The History of England

from Celts through 20th century

The Reform Bill

Category: 19th century

By 1830 Britain had been struck by a severe eco­nomic crisis. Factories were closing down, unemploy­ment increased rapidly, and the wages of workers fell. The revolution which took place in Paris in July and in Belgium in August helped to increase the tensions of the atmosphere.

Economic distress quickly led to a demand for Parliamentary Reform. The agitation for Reform was more widespread and dangerous than ever before, though Reform meant quite different things to differ­ent classes.

The character of Parliament, the classes which dominated it, the methods by which elections were carried out, its unrepresentative nature and the ac­companying system of sinecures and jobbery in the first decades of the 19th century differed in no funda­mental respect from that prevailing a century before. A few sinecures had been abolished and corruption was forced by the growth of criticism to be a little more discreet, but these gains were more than out­weighed by two changes for the worse.

The growth of population since 1760, and the changed distribution of that population, had made the members of Parliament even less representative. Great new towns had sprung up which returned no mem­bers: these included Manchester, Birmingham, Leeds and Sheffield. Many of the old boroughs had remained small or had even declined in population.

The members did not represent the bulk of the inhabitants of the places for which they sat. At the same time the industrial areas were almost disfran­chised as compared with the rural areas and small but old market towns dominated by local gentry. And, sec­ond, the class of 40 shilling freeholders in whom the county franchise was vested had been almost swept out of existence by the enclosures. The class of yeo­men disappeared, the electors were mainly the land­owners.

The Reform Bill had really two sides. One regu­larized the franchise, giving the vote to tenant farm­ers in the counties (and thereby increasing the influ­ence of the landowners in these constituencies) and to the town middle class. In a number of boroughs the right to vote was actually taken from a large number of people who previously exercised it. About this side of the Bill the working class was naturally unenthusi-astic, but it was carefully kept in the background while a furious campaign was worked up against the rotten boroughs.

The most popular part of the Bill was that which swept away the rotten boroughs and transferred their members to the industrial towns and the counties. Fif­ty-six boroughs lost both their members and thirty more lost one. Forty-two new constituencies were cre­ated in London and other large towns and sixty-five new members were given to the counties.

Most of the workers believed that once the old system of graft and borough-mongering was swept away they could count on an immediate improvement in their conditions. Hence the enthusiasm aroused by the Reform Bill and hence their speedy and complete disillusionment afterwards.

The Bill passed into law on June 7th, 1832. It in­creased the electorate only from 220,000 to 670,000 in a population of 14,000,000, but its other consequences can hardly be exaggerated.
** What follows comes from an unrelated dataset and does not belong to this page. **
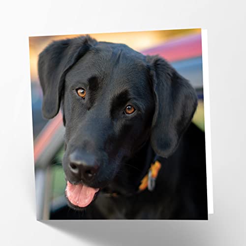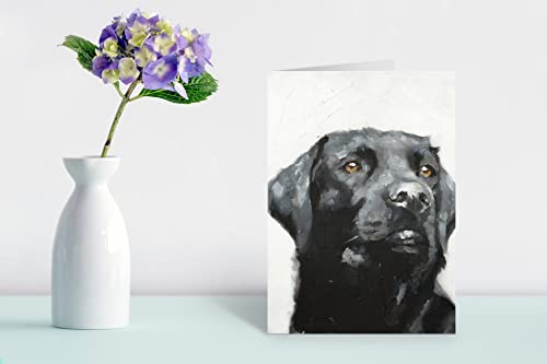 Svart Labrador-kort, gratulationskort med målning av ett Black Lab av James Coates, A5-storlek, blank insida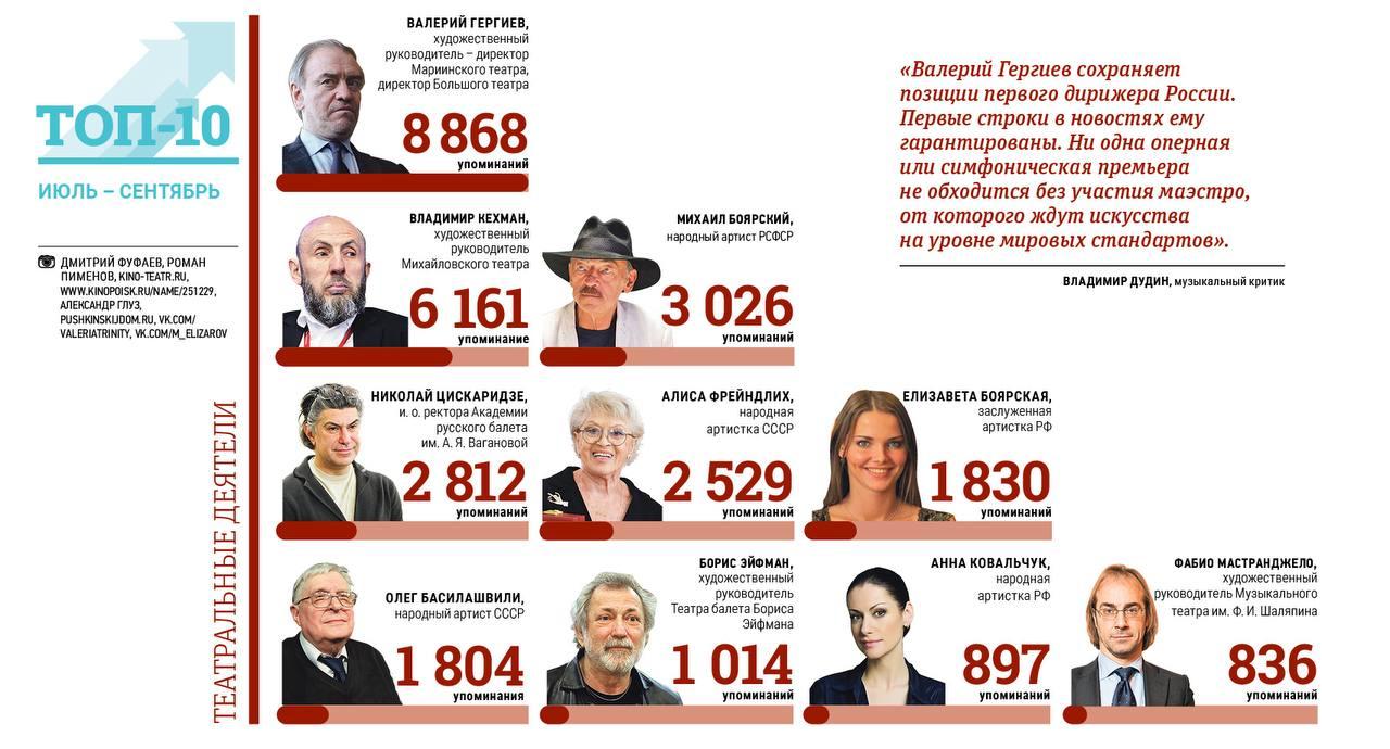 В рейтинге «Медиалогии» вновь лидирует Валерий Гергиев. Он сохраняет позиции первого дирижера России, являясь генеральным директором не только Мариинского, но и Большого театров, включающих также филиалы во Владивостоке и Владикавказе.

First, by placing political power in the hands of the industrial capitalists and their middle class follow­ers it created a mass basis for the Liberal Party which dominated politics throughout the middle of the 19th century. From this time some of the towns of the industrial North began to send Radical members to Par­liament, and a definite political group began to form to the left of the liberals, sometimes cooperating with them, but frequently taking an independent political line. There was always a group of members which sup­ported the demands of the Chartists in the House of Commons.

In the fifty-five years between 1830 and 1885 there were nine Whig and Liberal governments that held office for a total of roughly forty-one years: in the same period six Tory governments had only fourteen years of office.

Second, the Reform Bill altered the political bal­ance between the House of Commons, the House of Lords and the Crown. The Commons gained at the expense of the Lords because they were now able to claim to be the representatives of the people against a clique of aristocrats. The abolition of the rotten bor­oughs also robbed the peers of much of their power to control the composition of the Lower House. For the same reason the Crown lost the last of its means of direct interference in Parliamentary politics. From this time the influence of the Crown, though often consid­erable, had to be exercised secretly, through its pri­vate contacts with politicians.

The third consequence of passing of the Reform Bill was unintended and indirect. The workers who had done most of the fighting soon realized that they had been excluded from all the benefits, and the Poor Law Act of 1834 convinced them that the Government was indifferent to their needs. It is not accidental that the years immediately after 1832 were marked by a disgust­ed turning away of the masses from parliamentary politics to revolutionary Trade Unionism, or that they proceeded to build up in the Chartist Movement the first independent political party of the working class.